**How to complete this task:** Look below for the line containing "перед 23 февраля"; from there, print each line exactly up to and including the line containing "의사결정나무 파라미터 튜닝: 187.3015148952268", and stop.

**Material shown:**
=== Section Start ===
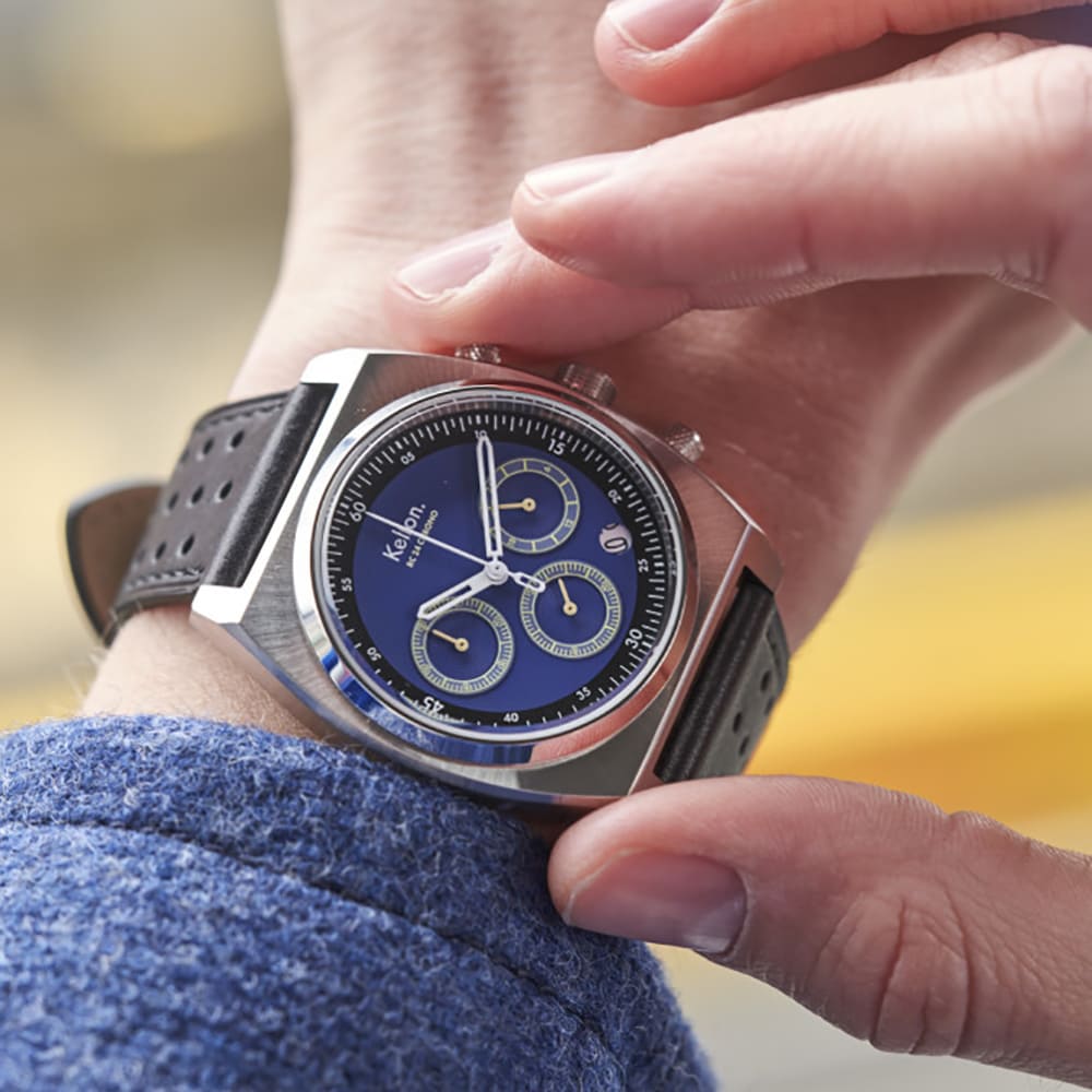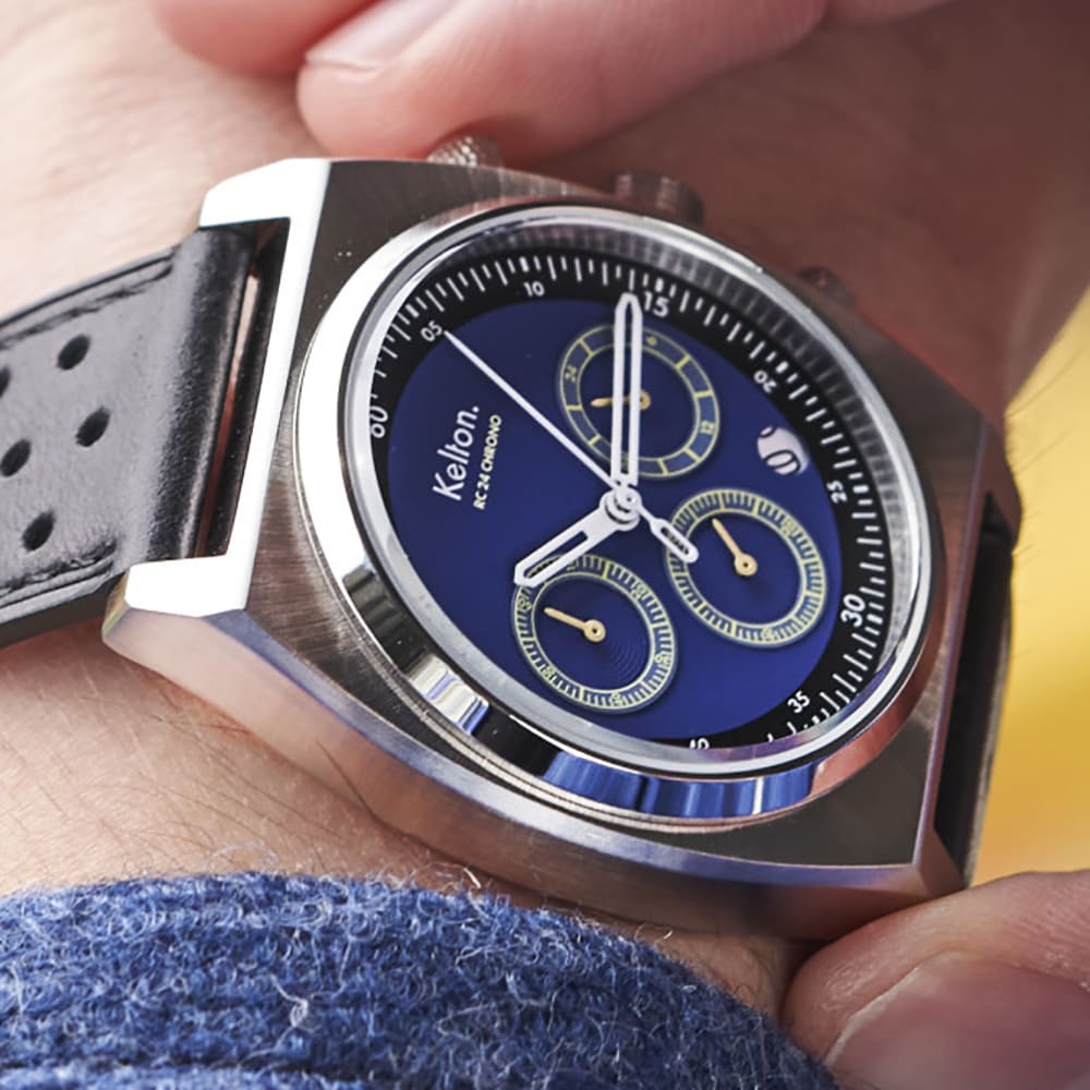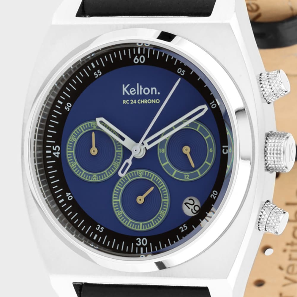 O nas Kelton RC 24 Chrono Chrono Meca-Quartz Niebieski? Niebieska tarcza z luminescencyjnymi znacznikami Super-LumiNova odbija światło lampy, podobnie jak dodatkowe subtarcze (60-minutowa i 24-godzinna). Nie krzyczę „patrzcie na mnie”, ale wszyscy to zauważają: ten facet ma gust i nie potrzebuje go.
=== Section End ===
=== Section Start ===
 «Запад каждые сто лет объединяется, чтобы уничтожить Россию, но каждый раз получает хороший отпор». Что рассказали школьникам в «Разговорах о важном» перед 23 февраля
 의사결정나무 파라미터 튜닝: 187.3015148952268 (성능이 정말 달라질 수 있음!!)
=== Section End ===
**Answer box:**
 «Запад каждые сто лет объединяется, чтобы уничтожить Россию, но каждый раз получает хороший отпор». Что рассказали школьникам в «Разговорах о важном» перед 23 февраля
 의사결정나무 파라미터 튜닝: 187.3015148952268 (성능이 정말 달라질 수 있음!!)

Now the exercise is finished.